*** Materials provided ***

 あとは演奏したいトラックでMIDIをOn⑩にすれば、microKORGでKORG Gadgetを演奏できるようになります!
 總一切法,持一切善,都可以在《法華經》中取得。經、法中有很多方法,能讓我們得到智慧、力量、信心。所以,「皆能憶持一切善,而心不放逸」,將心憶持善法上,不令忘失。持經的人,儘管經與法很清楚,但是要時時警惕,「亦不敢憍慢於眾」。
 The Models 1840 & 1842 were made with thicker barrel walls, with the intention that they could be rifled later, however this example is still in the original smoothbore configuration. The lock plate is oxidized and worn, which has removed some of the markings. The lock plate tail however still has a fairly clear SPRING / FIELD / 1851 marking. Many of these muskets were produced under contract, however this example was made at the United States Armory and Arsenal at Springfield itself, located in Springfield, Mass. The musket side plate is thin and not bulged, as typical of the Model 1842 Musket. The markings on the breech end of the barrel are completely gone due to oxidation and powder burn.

*** End of Materials provided ***
*** Materials provided ***

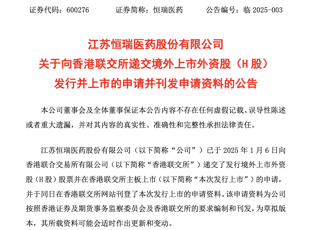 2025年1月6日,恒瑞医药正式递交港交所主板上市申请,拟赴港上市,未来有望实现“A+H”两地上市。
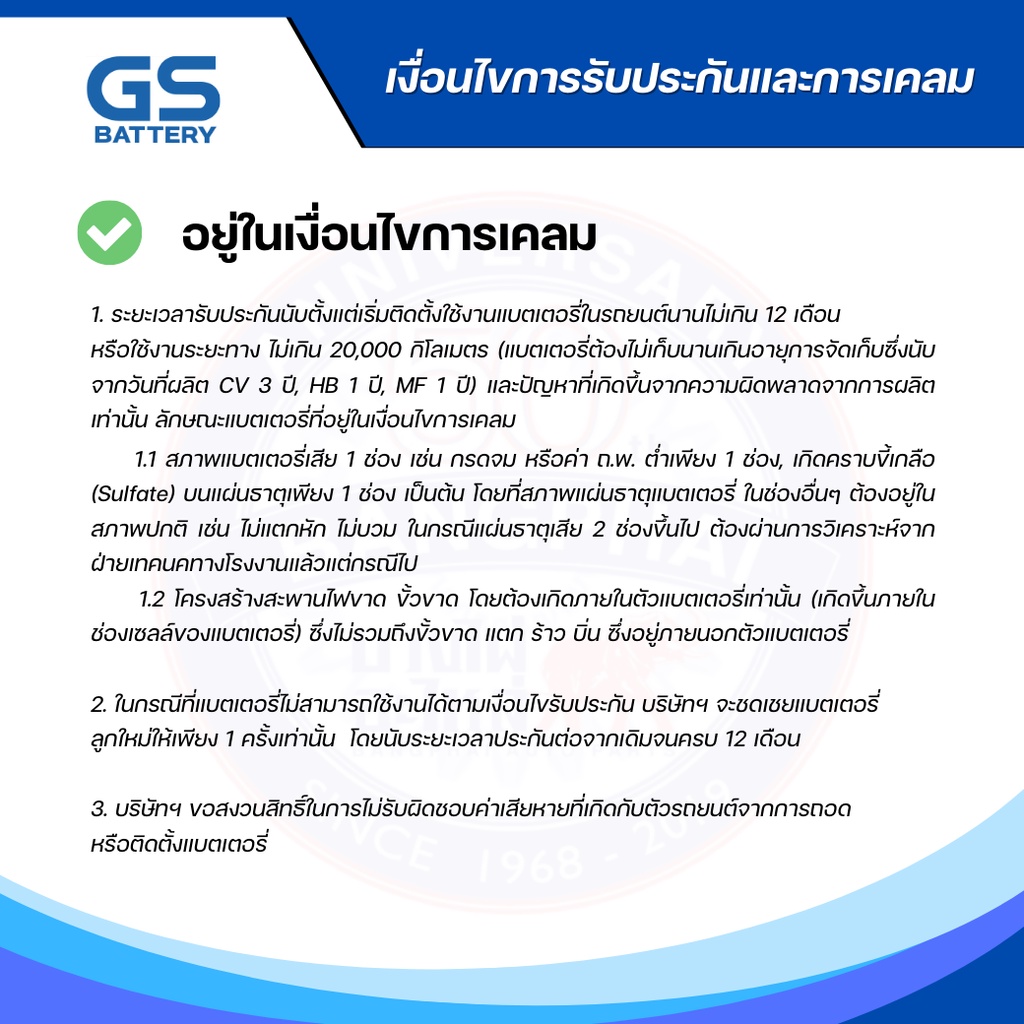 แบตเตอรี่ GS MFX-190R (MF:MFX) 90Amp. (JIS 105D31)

*** End of Materials provided ***
*** Materials provided ***

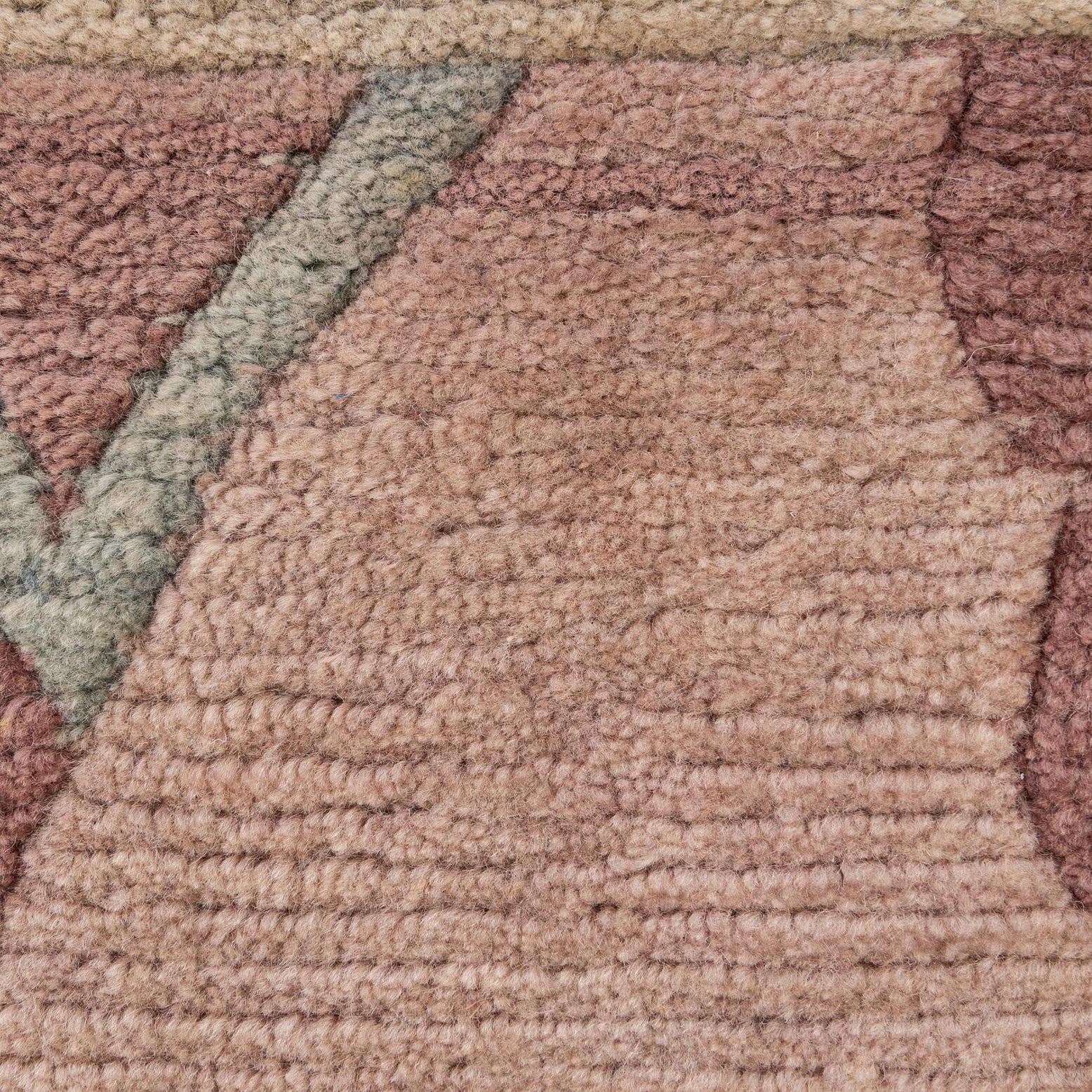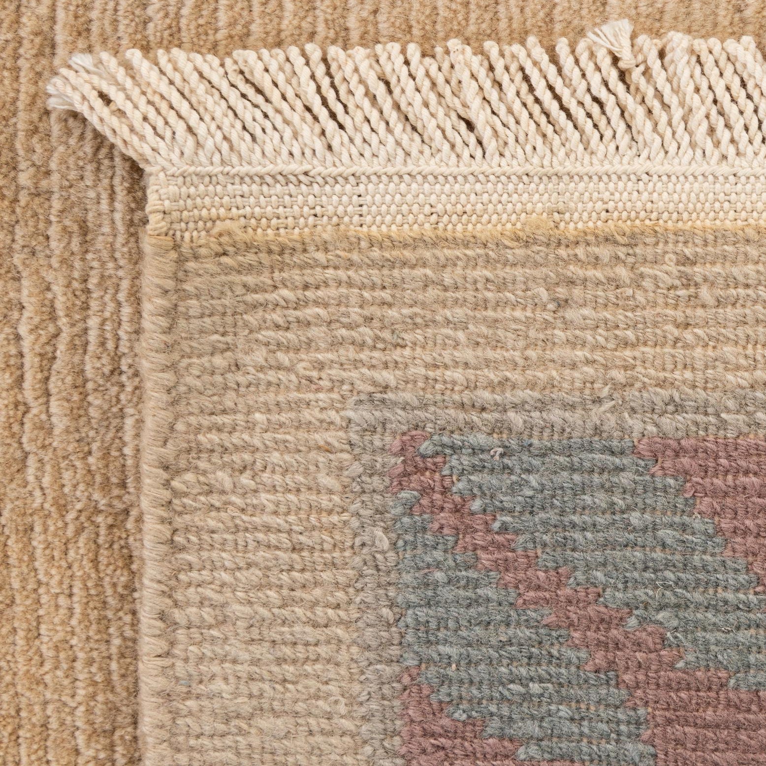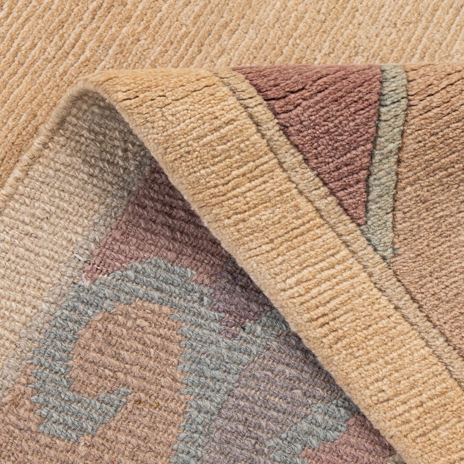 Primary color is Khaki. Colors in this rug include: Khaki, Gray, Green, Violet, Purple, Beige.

*** End of Materials provided ***

What are the lines in the records above, word for word, from the one containing "2025年1月6日,恒瑞医药" through the one containing "แบตเตอรี่ GS MFX-190R", both ends included and pictures left out?

Your solution
 2025年1月6日,恒瑞医药正式递交港交所主板上市申请,拟赴港上市,未来有望实现“A+H”两地上市。
 แบตเตอรี่ GS MFX-190R (MF:MFX) 90Amp. (JIS 105D31)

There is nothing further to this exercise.